Plan 9 implements an alternative to readdir() worth
noting, dirread().
dirread() returns structures of type Dir,
described in the stat()
man page. The important part of the Dir is
the Qid member. A Qid is:
...a structure
containing path and vers fields: path is
guaranteed to be unique among
all path names currently on the file server, and vers changes each
time the file is modified. The path is a long long (64 bits, vlong)
and the vers is an unsigned long (32 bits, ulong).
So why is this interesting? One of the
reasons readdir() is such a pain to implement is that it
returns the d_off member of struct dirent, a
single off_t (32 bits unless the application is compiled
with large file support), to mark the directory entry where an
application should continue reading on the next readdir()
call. This works fine as long as d_off is a simple byte
offset into a flat file of less than 232 bytes and existing directory
entries are never moved around - not the case for many modern file
systems (XFS, btrfs, ext3 with htree indexes). The
96-bit Qid is a much more useful place marker than the 32
or 64-bit off_t. For a good summary of the issues involved in
implementing readdir(),
read Theodore
Y. Ts'o's excellent post on the topic to the btrfs mailing list.
From a software engineering standpoint, Plan 9 union directories are
heavenly. Without whiteouts, duplicate entry elimination, complicated
directory offsets, or merging of namespaces beyond the top-level
directory, the implementation is simple and easy to maintain.
However, any practical implementation of unioning file systems for
Linux (or any other UNIX) would have to solve these problems. For our
purposes, Plan 9 union directories serve primarily as inspiration.
BSD union mounts
BSD implements two forms of unioning: the
"-o union"
option to the
mount command, which produces a union
directory similar to Plan 9's, and the
mount_unionfs
command, which implements a more full-featured unioning file system
with whiteouts and merging of the entire namespace.
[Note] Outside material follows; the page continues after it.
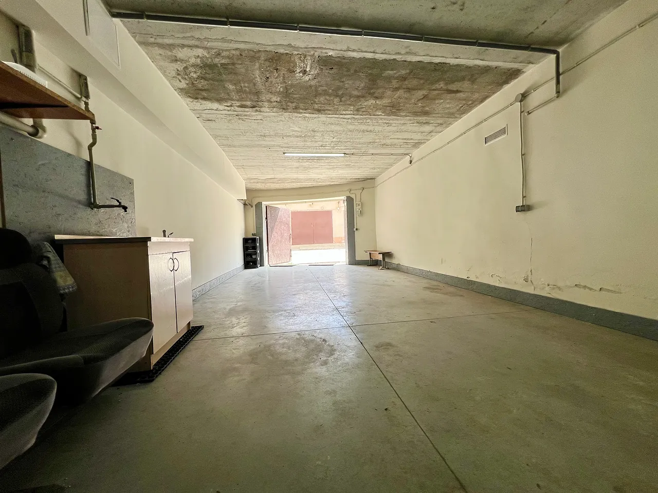 В гаражі є ремонт, залита шліфована підлога, вода, мийка, стелажі.

We will focus on
the latter.
For this article, we use two sources for specific implementation
details: the original BSD union mount implementation as described in
the 1995 USENIX paper
Union
mounts in 4.4BSD-Lite [PS], and
the FreeBSD
7.1 mount_unionfs man page and source code. Other
BSDs may vary.
A directory can be union mounted either "below" or "above" an existing
directory or union mount, as long as the top branch of a writable
union is writable. Two modes of whiteouts are supported: either a
whiteout is always created when a directory is removed, or it is only
created if another directory entry with that name currently exists in
a branch below the writable branch. Three modes for setting the
ownership and mode of copied-up files are supported. The simplest is
transparent, in which the new file keeps the same owner
and mode of the original. The masquerade mode makes
copied-up files owned by a particular user and supports a set of
mount options for determining the new file mode.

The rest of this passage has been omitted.